April tells me that until she was eight, she lived in Bronson, Kansas, and after that point, she lived in Colorado. “So I’m pretty much a Colorado native”, she says. ” I’ve lived the majority of my life in Colorado.”
She talks about growing up in a true American town in southeast Kansas called Bronson, where literally everyone knows everyone and strangers can be looked on with skepticism. “There are pros and cons”, she says, and laughs. ” You don’t have to worry about things such as theft as much. My friends and family that still live there leave there keys in the ignition with the doors unlocked. There is a high value in trust, but only if you’re in the inner circle. A lot of the restaurants and shops are actually on the first floor and part of people’s houses. Since the Wal-marts have come into the outskirts of town, it’s really decimated a lot of the businesses though, especially local grocers. It’s horrible.”
April explains that most people don’t realize it, but the majority of the state of Kansas resides atop an aquifer, which is an underground layer of rock that permeates through rivers and streams, but largely exists underground, and can be extracted through something such as a well. “That’s part of the reason Kansas can be so unbearably humid”, she explains.
April is going on forty, and tells me that she is starting to feel the aging process. “I’m still young in spirit though!”, she says with a laugh.
As we make it closer to the Palmer divide, it goes from no snow to a steady stream of solid white flakes that seem to be sticking to the ground like peanut butter on toast. The traffic slows to a sluggish trot, and Colorado implants from Florida, Arizona, and California seem to be throwing their hands up with what-is-this! looks on their faces.

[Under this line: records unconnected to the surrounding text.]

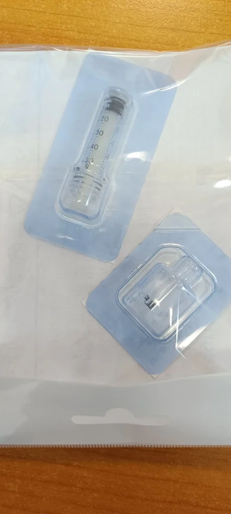 Az injekció előkészítése körülbelül egy perccel megnyújtja az injekció beadás előkészületét, mivel az oltóanyagot át kell szívni a speciális fecskendőbe. A felszíváshoz használt fecskendőt és összeköttetőt a gyógyszertárban önöknek kell megvásárolniuk. Csak a rendelővel szemközt található Etele Gyógyszertárban ( Etele út 69.) tudják megvásárolni a tartozékot 4195 ft-os darabáron. Minden oltás beadásásához egy külön tartozékot szükséges megvásárolni, mivel ezek egyszer használhatóak. Az alábbi képen a két tartozék látható gyógyszertári csomagolásban. Az első jelentkezők az ingyenes tesztkészletből próbálhatják ki az új technikát.
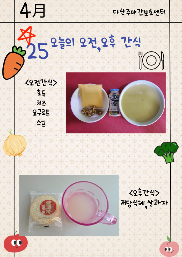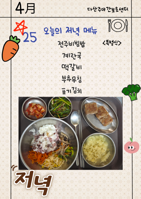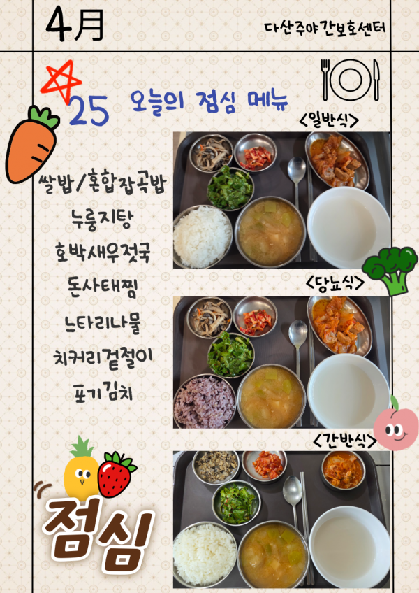 4월25일 (토요일) 오늘의 식단 페이지 정보 작성자 명품다산주야간보호센터 작성일26-04-25 16:22 조회5회 댓글0건 관련링크 다음글 목록 본문 오늘의 식단 입니다. 다음글 목록
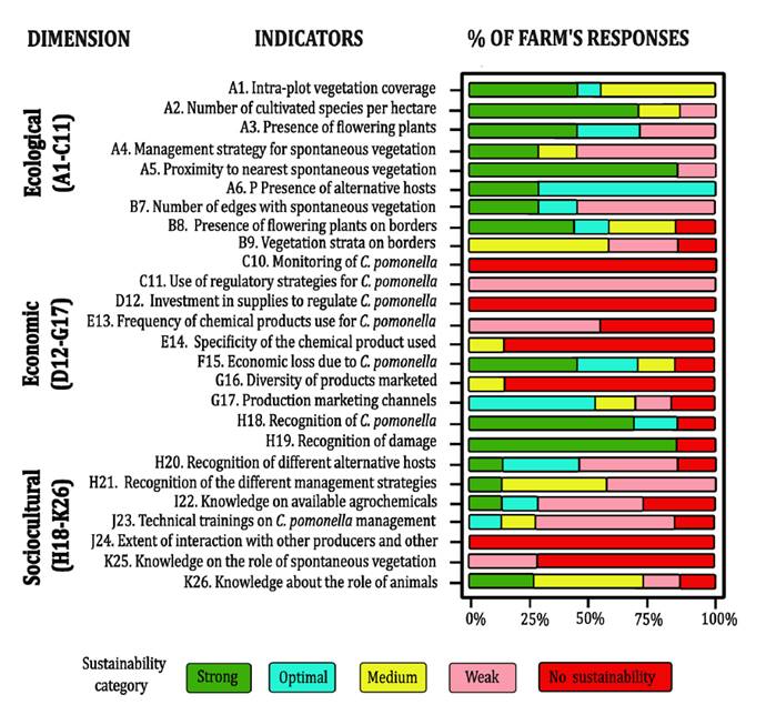 Figure 2. Percentage distribution of indicator sustainability based on farmer responses (%). All indicators are related to Cydia pomonella recognition and control.
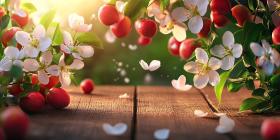 Springtime Bounty: Freshly Picked Apples and Delicate Blossoms Grace a Rustic Wooden Table, Basking in Warm Sunlight
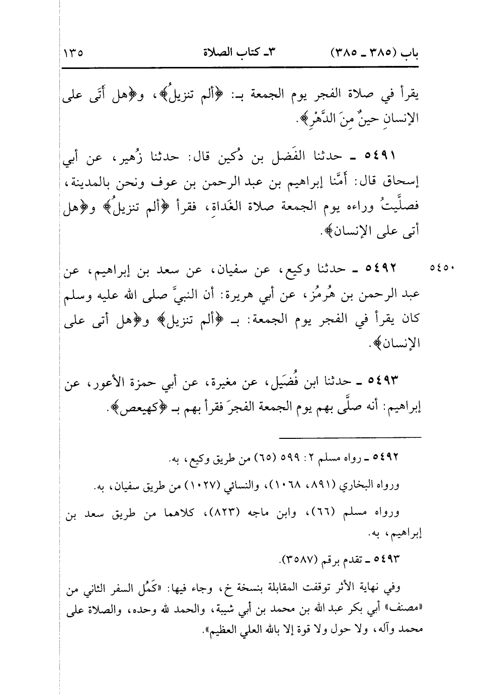 5492- حَدَّثَنَا وَكِيعٌ ، عَنْ سُفْيَانَ ، عَنْ سَعْدِ بْنِ إِبْرَاهِيمَ ، عَنْ عَبْدِ الرَّحْمَنِ بْنِ هُرْمُزَ ، عَنْ أَبِي هُرَيْرَةَ ؛ أَنَّ النَّبِيَّ صَلَّى الله عَلَيْهِ وَسَلَّمَ كَانَ يَقْرَأُ فِي الْفَجْرِ يَوْمَ الْجُمُعَةِ بِـ : {الم تَنْزِيلُ} ، وَ{هَلْ أَتَى عَلَى الإِنْسَاْن}.
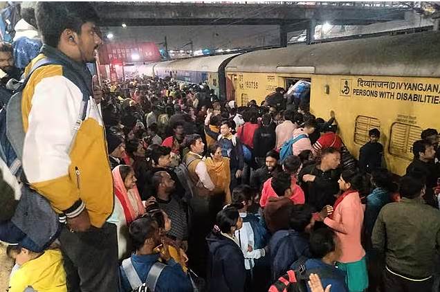 根據《ETtoday新聞雲》、《CTWANT》報導,事情發生于2025年2月15日晚上8點左右,數以千計的信徒正準備前往普拉亞格拉吉(Prayagraj)參加大壺節(Maha Kumbh festival)活動,由于兩班列車延誤抵達,大批等候多時的朝聖乘客蜂擁湧向14、15號月臺爭相擠入車廂,混亂中有人跌倒,後方人潮來不及反應,導致更多人遭到踩踏。
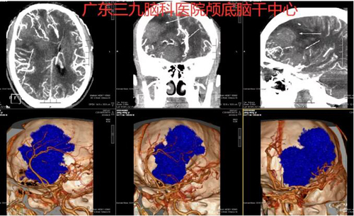 图1:术前CTA示右侧额叶示团块状占位性病变,边界不清,其内示多发异常增粗迂曲血管影,主要供血自右侧大脑中动脉分支,邻近双侧大脑前动脉受压向左侧推移,右侧大脑中动脉受压向后推移;余各脑动脉主干及分支走行僵硬,管壁毛糙,未见狭窄、闭塞、畸形血管及局限性囊状增粗影,左侧大脑前动脉A1段纤细。所见左侧颈内动脉虹吸部管壁示少许斑点状高密度硬化斑块影。

A bit of distance into the Palmer divide, the traffic is backed up and we find the four lanes of vehicles being merged into one, and up ahead five orange cones set up next to a state police cruiser. The police officer is directing traffic off of the highway.
Wow, it’s that bad, we realize.
We take a detour into Parker, Colorado, and April’s ABS brakes seem to be acting up and not cooperating, and her windshield wipers are freezing to the windshield. We eventually make it to the Lincoln light rail station, where she drops me off, having only seen one car in the ditch (sunny side up), and everything we see is covered in complete whiteness. Along Lincoln Avenue, a Lexus car is literally stuck up a small slop on the road, tires spinning with no traction, going nowhere.
She drops me off and I help her de-ice her windows, and we bid farewell. I tell her to be safe on the drive back, and she smiles, drives off. The snow is coming down heavy, in thick blankets of white.